The short version of the long story is on March 6th, 2019, I weighed 270 pounds and decided that was enough. Today, I weigh 210. GW is 180.
Ok, so I just graduated college (barely made it out before 30) and as a grad gift, my parents gave us their time share for half of a week. Last weekend, my wife and I went out to Palm Springs and stayed at the Mariott resort. It was amazing. The last few vacations we went on, my wife would go down to the pool while I sat in our room and read books and watched movies. This time, I bought a bathing suit, and actually payed out in the sun and went swimming in front of other people. I NEVER do that, and no part of me felt self conscious about it. I actually felt a little good, because I felt like I was showing off that I wasn’t obese (I don’t have a beach body by any means, let’s get real) but I wasn’t ashamed to be seen. For the first time in like... ever.

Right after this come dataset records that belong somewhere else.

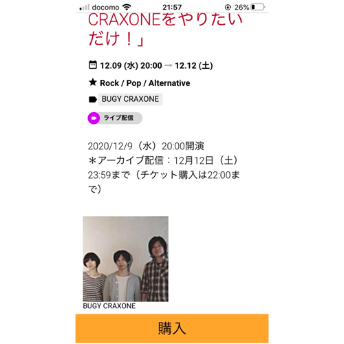 BUGY CRAXONE無観客生配信ライブ
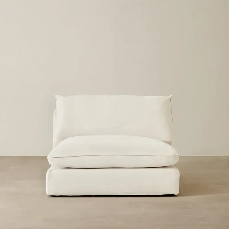 The Macie Armless Sofa offers a streamlined blend of comfort and versatility in a modern silhouette. Upholstered in chiffon white fabric, it brings a light, airy presence to any space.
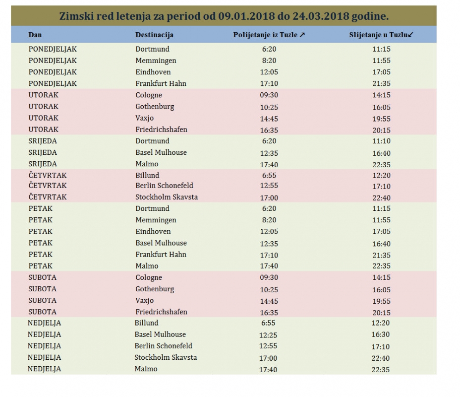Pogledajte novi red letenja na tuzlanskom aerodromu do 24.3.2018.
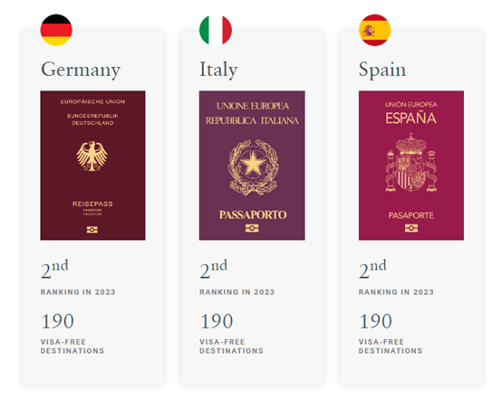 德国、意大利和西班牙则全部跻身第二位,可免签前往 190 个地方。
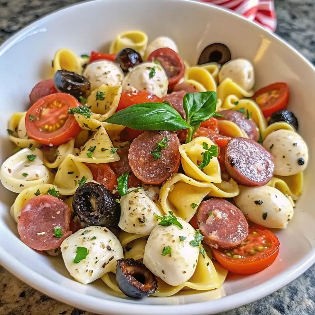 This recipe is wonderfully flexible. Swap salami for pepperoni or prosciutto, add artichoke hearts or cucumbers, or use spinach tortellini for extra color. For a lighter version, try turkey salami or reduce the cheese slightly. Want extra tang? A splash of red wine vinegar works beautifully.
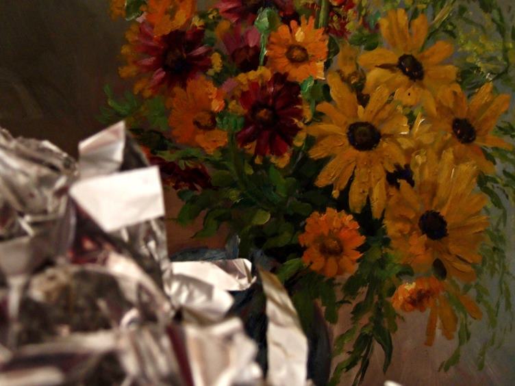 Ráno elektrické... Na zahrádce rajčátka a kopřivy... Kyblík na popel zatím prázdný... Květiny se staniolem... Ořechy pro ptáčky... Kufříky do Kodaně... A co tam na sebe...
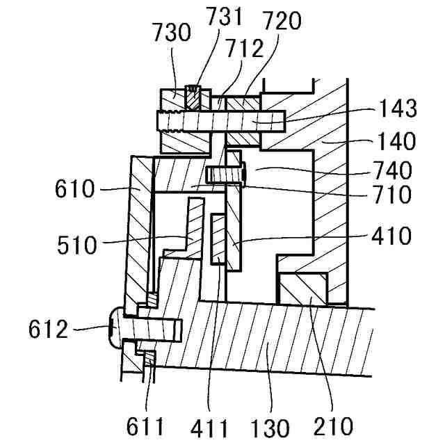 実施形態2の撮像装置における外部からの衝撃などによってチルト軸が傾いたときのエンコーダ周辺の詳細断面図である(その一)。
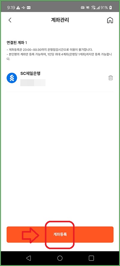 계좌번호를 여러 개 등록할 수 있는데, "계좌등록"을 터치하자.
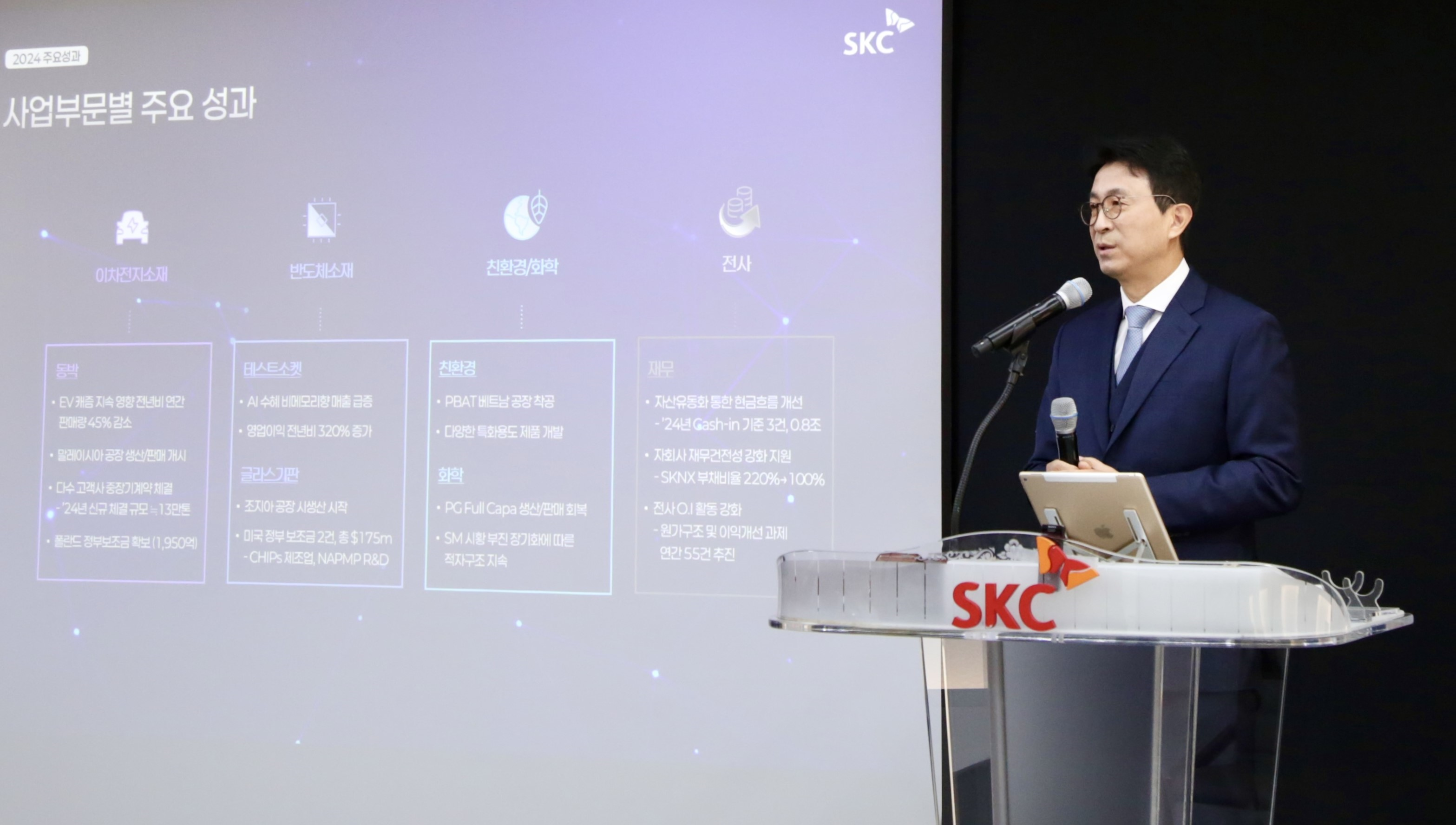 총회 의장을 맡은 박원철 SKC 사장은 “이차전지와 반도체, 친환경 3대 사업 축으로 포트폴리오를 개편하는 리밸런싱 1단계를 마무리했다”며 “글라스기판이라는 신사업 추진과 함께 반도체 테스트(test) 솔루션 분야 글로벌 기업인 ISC를 인수하며 반도체 포트폴리오 강화에 주력했다”고 말했다.
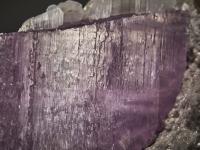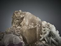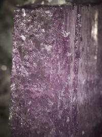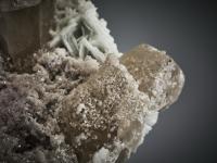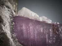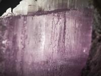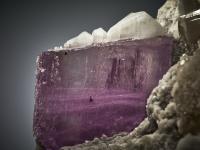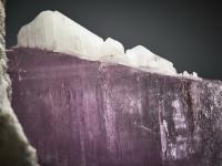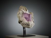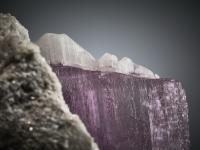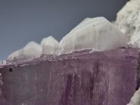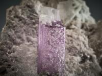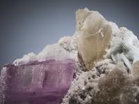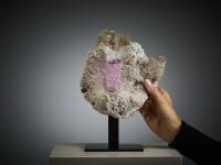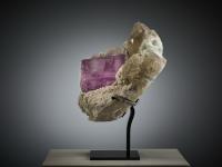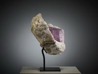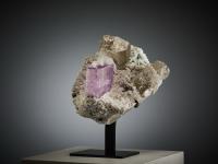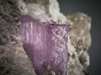An exceptional specimen featuring a vivid pink Kunzite crystal partially covered by delicate white quartz, with fine calcite and mica accents adding texture and contrast. The Kunzite shows superb clarity and sharp termination, and when light passes through it, the colour transforms into a deep, intense pink, revealing its remarkable pleochroic nature.

Here’s the second milestone; I didn’t give a fuck about my diet all weekend. I just enjoyed myself. I ate what I wanted, and had some amazing meals. But, what I wanted was very different from what I wanted before, and my portions are back in control now that my stomach has shrunken a bit. I was 214 when I left, and expected to weigh 218-220 when I got back...
But I was 211. More than the number, the milestone here was that I was able to enjoy myself and not think about counting every calorie, and still eat healthy and in control.